Primes réflexions sur le questionnement de Thomas :

On le sait, les traditions bouddhistes décrivent notre condition d’être sentant et vivant sous la forme du samsâra, le cycle de la vie et de la mort. La foule des êtres renaît sous différentes formes, six en tout : les êtres infernaux, les esprits affamés, les animaux, les êtres humains, les titans et les dieux (les pretas, les esprits affamés, sont des sortes de gnomes difformes au long cou qui ne peuvent assouvir leur faim ; les asuras sont des titans belliqueux parfois confondus avec les dieux). À chaque forme correspond un domaine de renaissance, depuis les enfers jusqu’aux paradis. Le processus karmique est le moteur des renaissances. Les vies futures et leurs conditions, loin d’être distribuées de façon aléatoire, sont modelées par la qualité morale des actes, les uns entraînant vers de plaisantes destinées, les autres vers les affres et les tourments.
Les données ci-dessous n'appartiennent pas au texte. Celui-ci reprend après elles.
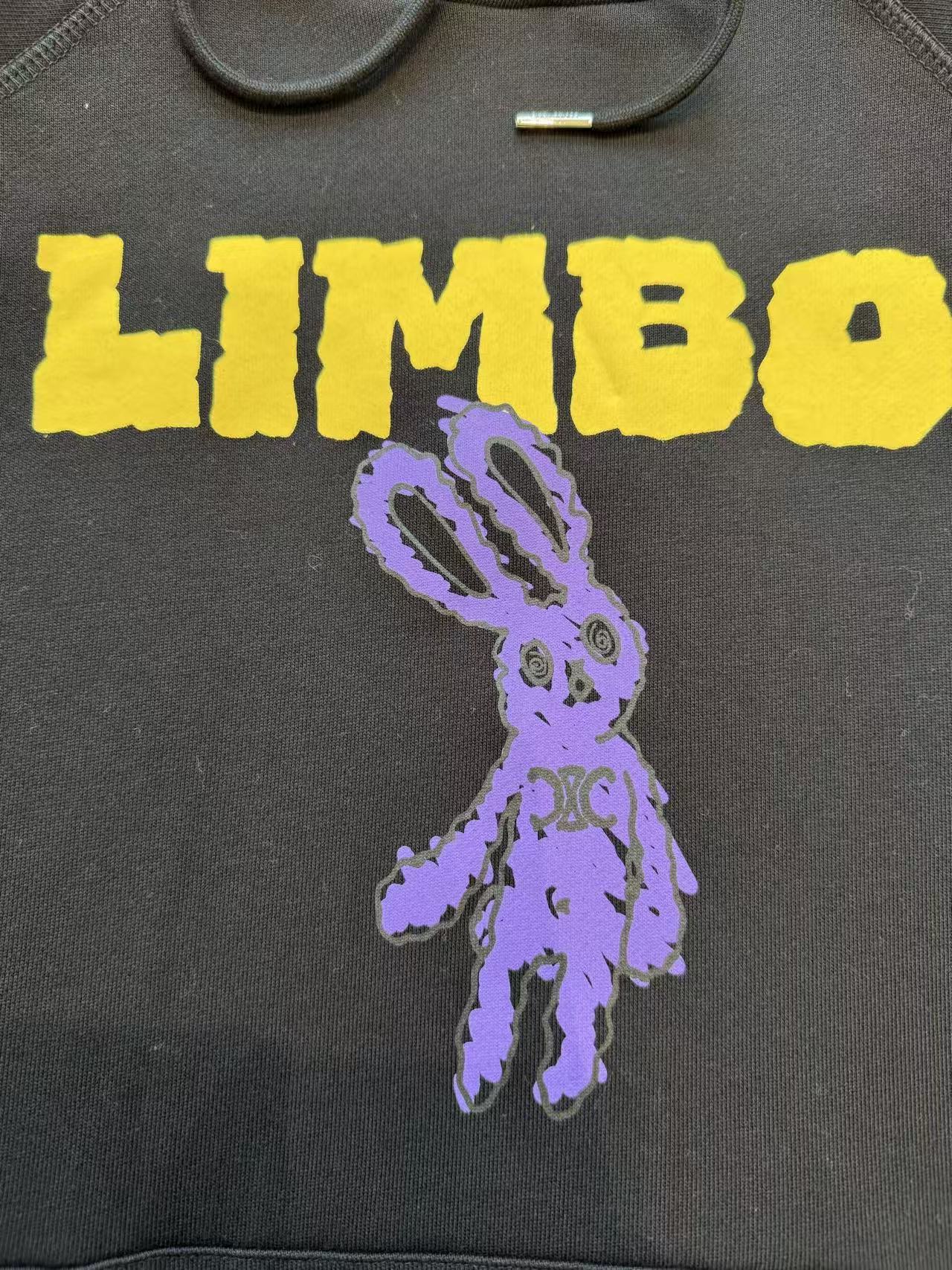最瘋狂的當然是胸前那隻「紫色毛絨兔子」+「手寫LIMBO塗鴉」!兔子不是印花也不是貼布,而是真的用毛絨立體縫上去,摸起來軟到爆炸,兔耳朵還會跟著晃;字樣用厚實油墨多層印刷,邊緣故意做髒髒感,藝術家親手塗鴉的即視感直接拉滿,懂的人自動懂~

On ne peut ignorer que le samsâra a été entendu par les bouddhistes eux-mêmes comme une vérité et le karma comme une loi naturelle et quasi physique. Le processus karmique serait une forme de justice immanente, où tout ce que nous ferons trouvera sa rétribution. Il expliquerait un certain nombre d’états, qu’ils soient heureux ou malheureux. Le muet en cette vie aurait inévitablement menti dans une autre vie ; le pauvre expierait quelques vols ou larcins commis dans ses existences antérieures. Plus généralement, les handicapés, les pauvres, les femmes mêmes, ne feraient que s’acquitter de leurs fautes. Évidemment, l’inscription du karma dans les lois de la nature conduit à une forme de déterminisme qui justifie et rationalise les souffrances.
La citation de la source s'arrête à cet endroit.